且说舜从负夏回到历山,再事耕种,不知不觉又过了一年。那时历山附近的人家越聚越多,地越辟越广,有人替他计算,自舜到历山之后,远近来归的人,一年成聚,二年成邑,三年竟成都了。一个荒僻之地,忽成大都会,推究原由,都是舜的德感所致。而且这个都会里的人个个都听舜的号令,服从敬仰,仿佛一都之主,因此大家就叫他都君。
一日,春暮,舜在田间工作,思念二亲,忽见一只母鸠翔于树间,转眼一只小鸠又飞集在母鸠旁边,嘴里衔了食物,你哺我,我哺你,且哺且鸣,鸣声非常亲热,表示它母子的慈爱欢乐。舜看了这种情形,心中益发感触,暗想:“彼小小禽鸟,尚且有天伦之乐,我是一个人,何以连禽鸟都不如?真是惨酷极了。”想到这里,禁不住又要恸哭,后来一想,哭亦无益,我姑且作一个歌吧,于是信口而歌道:
陟彼历山兮崔嵬,有鸟翔兮高飞。思父母兮力耕,日与月兮往如驰。父母远兮吾将安归?
歌罢之后,悲从中来,再忍不住了,放声大哭,恸倒在山坡之上,惊动四围的农人,齐说道:“都君又在那里思亲了,我们去劝劝吧。”于是大家过来,竭力向舜劝阻,方才止住。这种情形,三年之中,也不知有多少次了。

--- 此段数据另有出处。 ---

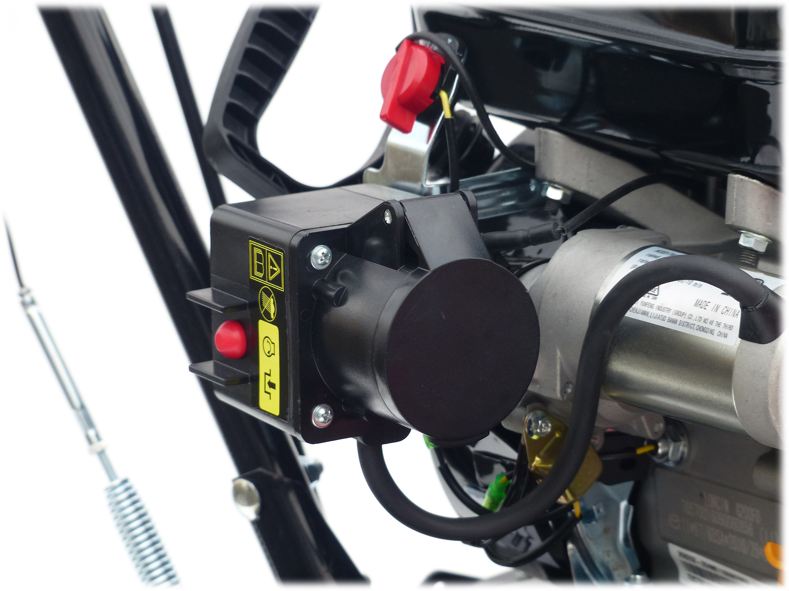 Unsere Kehrmaschine hat zudem einen Eigenantrieb und kann zwischen 5 vorwärts und 2 Rückwärtsgängen gesteuert werden. Ausserdem ist dieser mit einem  LONCIN Motor ausgestattet. LONCIN Motoren haben Ihre Qualität bereits mehrfach bewiesen. Das starten des Motors ist kinderleicht und wird durch einen  230V Elektrostarter angelassen, oft genügt aber auch nur ein leichtes ziehen am Seilzugstarter um das Kraftpaket mit seinen 6,5PS zu starten (falls  keine Stromzufuhr vorhanden).

一日,舜正在田间,忽然见邻村农友同了一个人来,说道:“这是都君家里叫他带信来的。”舜慌忙问他何事,那人道:“尊大人近日有病,令弟象叫我带信来,向你要些财物做医药之费。”舜听了,大吃一惊,忙问:“家父患何病?何时起的?”那人道:“据令弟如此说,我却不知道是什么病,想来总是重病了。”舜一听,尤其着急,忙到自己室中,将平日的积蓄统统取出来,一面又收拾行李,预备星夜驰归,一面又托邻人将他所种的田代为治理。

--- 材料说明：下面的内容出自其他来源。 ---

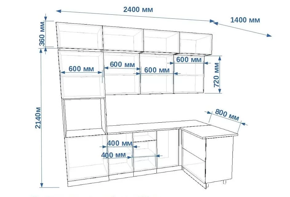 Кухонный угловой гарнитур арт.10, 1200x2400 мм, Фаска/Тальк

这时历山居民,一传二,二传三,都知道都君因亲病要归去了,大家都来送行。又知道舜积蓄不多,诚恐不敷医药之费,每家都有馈赆,合计起来,颇觉不资。舜再四推让,众人一定不肯收转。舜归省心急,无暇再和他们推逊,只得收了。刚要动身,哪知带信来的这个人忽然阻拦道:“令弟还有一句话,叫我和足下说。”舜忙问何话,那人道:“令弟说,假使足下要归去侍疾,叫我竭力劝阻。因为尊大人对于足下很不满意,倘若足下归去之后,尊大人病中肝火旺,恼怒起来,病势或者因此加重,那么足下恐怕负不起这个责任呢。”舜一想,这话有理,遂说道:“舍弟的话极是,但是我做人子的,平日既不能奉养,听见亲病了还不回去,那么我竟不是人了!我想总须回去的。”那人道:“令弟对我说得很恳切,叫我务必劝足下不要回去。我看足下还不如暂在这里,待我归去,和令弟接洽。如果尊大人病势沉重,我再来赶足下回去,岂不好么?”舜道:“极感盛情,但是我此刻五中如沸,恨不得插翅飞归,现在既然舍弟有这番深虑,我且归到里门,暂不到家,再看情形,如何?”那人见阻挡不住,只得与舜同行。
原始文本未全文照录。